Task goal: Here are the records. Write out exactly the lines between the one holding "El estilo africano" and the one holding "Ко Дню театра", inclusive.

Input data section start

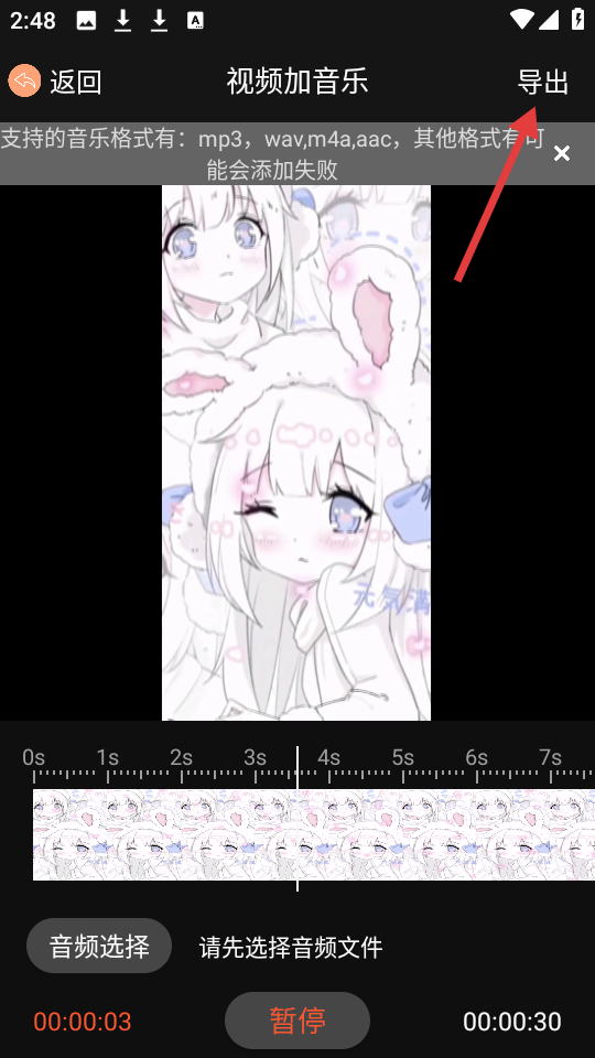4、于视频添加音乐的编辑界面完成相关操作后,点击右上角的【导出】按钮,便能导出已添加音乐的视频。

Input data section end
Input data section start

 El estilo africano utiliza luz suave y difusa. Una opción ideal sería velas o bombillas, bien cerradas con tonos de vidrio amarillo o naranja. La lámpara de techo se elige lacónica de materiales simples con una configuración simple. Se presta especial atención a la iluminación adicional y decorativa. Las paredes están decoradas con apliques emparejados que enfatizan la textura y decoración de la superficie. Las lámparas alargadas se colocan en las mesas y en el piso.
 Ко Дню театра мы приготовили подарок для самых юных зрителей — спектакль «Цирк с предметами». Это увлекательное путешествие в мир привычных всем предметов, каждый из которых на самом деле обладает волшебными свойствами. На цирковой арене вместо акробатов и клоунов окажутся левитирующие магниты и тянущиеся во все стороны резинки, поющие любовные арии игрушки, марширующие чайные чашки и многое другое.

Input data section end
Input data section start

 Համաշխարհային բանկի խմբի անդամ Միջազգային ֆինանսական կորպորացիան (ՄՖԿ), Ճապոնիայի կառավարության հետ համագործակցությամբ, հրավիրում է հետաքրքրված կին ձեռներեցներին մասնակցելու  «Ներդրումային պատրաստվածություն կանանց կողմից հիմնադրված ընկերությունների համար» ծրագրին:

Input data section end

Output for this exercise:
 El estilo africano utiliza luz suave y difusa. Una opción ideal sería velas o bombillas, bien cerradas con tonos de vidrio amarillo o naranja. La lámpara de techo se elige lacónica de materiales simples con una configuración simple. Se presta especial atención a la iluminación adicional y decorativa. Las paredes están decoradas con apliques emparejados que enfatizan la textura y decoración de la superficie. Las lámparas alargadas se colocan en las mesas y en el piso.
 Ко Дню театра мы приготовили подарок для самых юных зрителей — спектакль «Цирк с предметами». Это увлекательное путешествие в мир привычных всем предметов, каждый из которых на самом деле обладает волшебными свойствами. На цирковой арене вместо акробатов и клоунов окажутся левитирующие магниты и тянущиеся во все стороны резинки, поющие любовные арии игрушки, марширующие чайные чашки и многое другое.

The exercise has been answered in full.